Tls Server Module
- class mtf.network_port.tls.tls_server.TLSServer
TLSServer is responsible for setting up and managing a TLS/DTLS server instance.
This class allows for the creation, configuration, and management of secure server connections using either TLS (TCP) or DTLS (UDP) protocols. It also supports handling client connections and processing received messages with optional callback functions.
- __init__(config: TLSConfigurator, callback=None)
- classmethod create(config: TLSConfigurator, callback=None)
Creates a TLSServer instance with the provided configuration and optional callback.
- Args:
config (TLSConfigurator): Configuration for the server. callback (function, optional): Callback function for handling received messages.
- Returns:
TLSServer: Instance of the created TLSServer.
- psk_server_callback(ssl_conn, identity)
- log_key_material_dict()
Log the contents of the key material dictionary.
This function prints each label and the associated key material stored in the key_material_dict. It helps in debugging and verifying the key material collected during the TLS sessions.
- Returns:
None
- start_server()
Starts the server and listens for client connections.
- is_running()
Checks if the server is currently running.
- Returns:
bool: True if the server is running, False otherwise.
- accept()
Accept a connection to the specified client address using the provided configuration.
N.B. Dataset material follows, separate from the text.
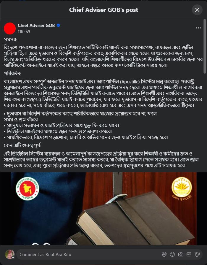 পোস্টে বলা হয়, বাংলাদেশ এখন সম্পূর্ণ অনলাইন সনদ যাচাই এবং অ্যাপোস্টিল (Apostille) সিস্টেম চালু করেছে। পররাষ্ট্র মন্ত্রণালয় এখন পাবলিক ডকুমেন্ট যাচাইয়ের জন্য অ্যাপোস্টিল সনদ দেবে। এর মাধ্যমে শিক্ষার্থী ও নাগরিকরা অনলাইনে নিজেদের শিক্ষাগত সনদ ডিজিটালি যাচাই করাতে পারবে। এতে শিক্ষার্থী ও নাগরিকরা তাদের শিক্ষাগত কাগজপত্র ডিজিটালি যাচাই করতে পারবেন, যার ফলে দূতাবাস বা বিদেশি কর্তৃপক্ষের কাছে যাওয়ার দরকার হবে না, সময় বাঁচবে, খরচ কমবে, জালিয়াতি রোধ হবে এবং এসব সনদ আন্তর্জাতিকভাবে স্বীকৃত।
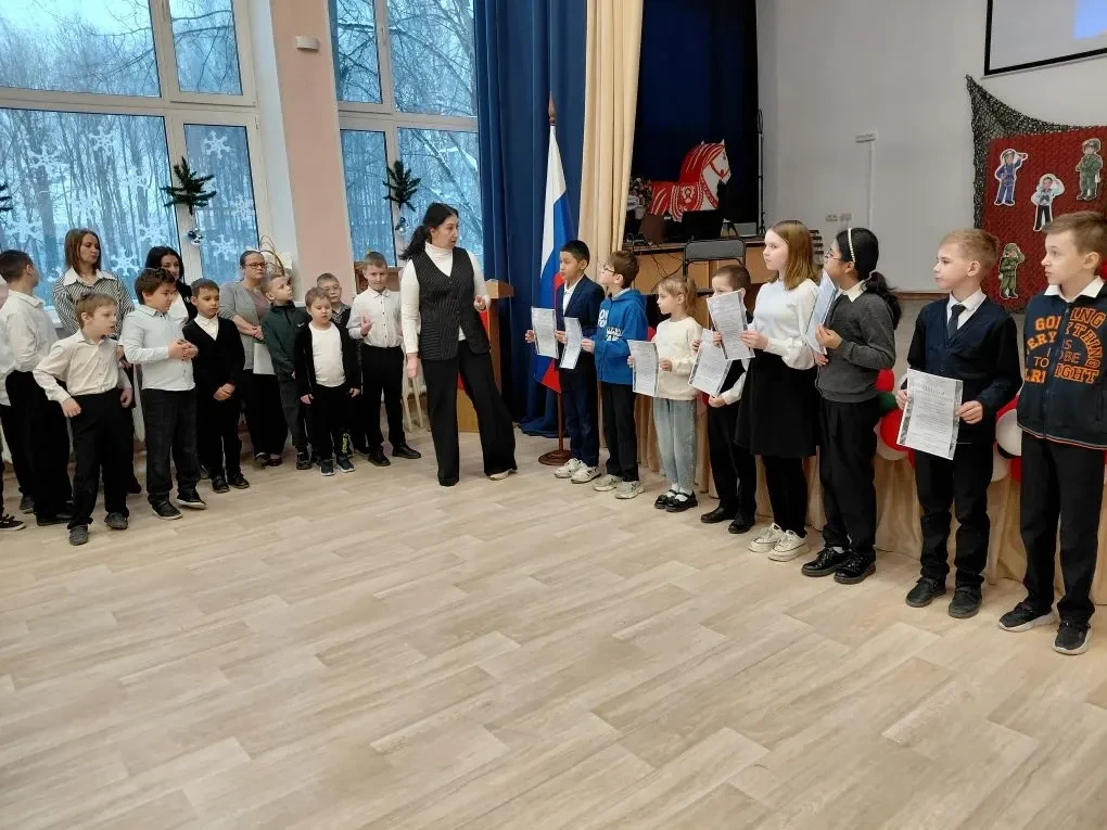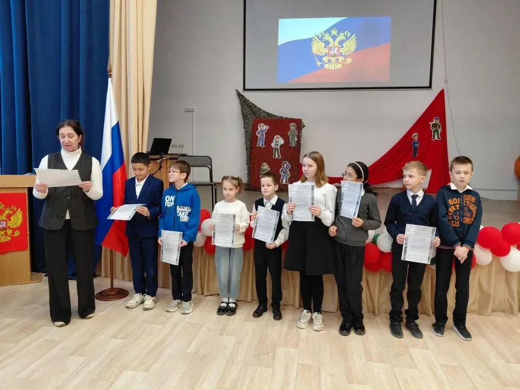 Утро 24 февраля традиционно началось с программы, которая включила в себя: торжественный караул у государственного флага, исполнение гимна Российской Федерации, поздравление учащихся с началом недели, награждение отличившихся учеников, объявление важных школьных событий.

This method creates a root node that represents the connection to the client. The client’s address, port, and other connection parameters (such as the TLS record version and timeout) are derived from the object’s configuration. The root node is then assigned to the node attribute for further interactions.
- Attributes:
node (AcceptConnection): The root node representing the established connection to the client.
- generate_server_hello(ciphers: List[Any], version: ProtocolVersion | None = None, session_id: bytearray | None = None, random: bytearray | None = None, compression: List[int] | None = None, ssl2: bool = False)
Generates a TLS ServerHello message with the specified parameters and adds it as a child node to the current connection node.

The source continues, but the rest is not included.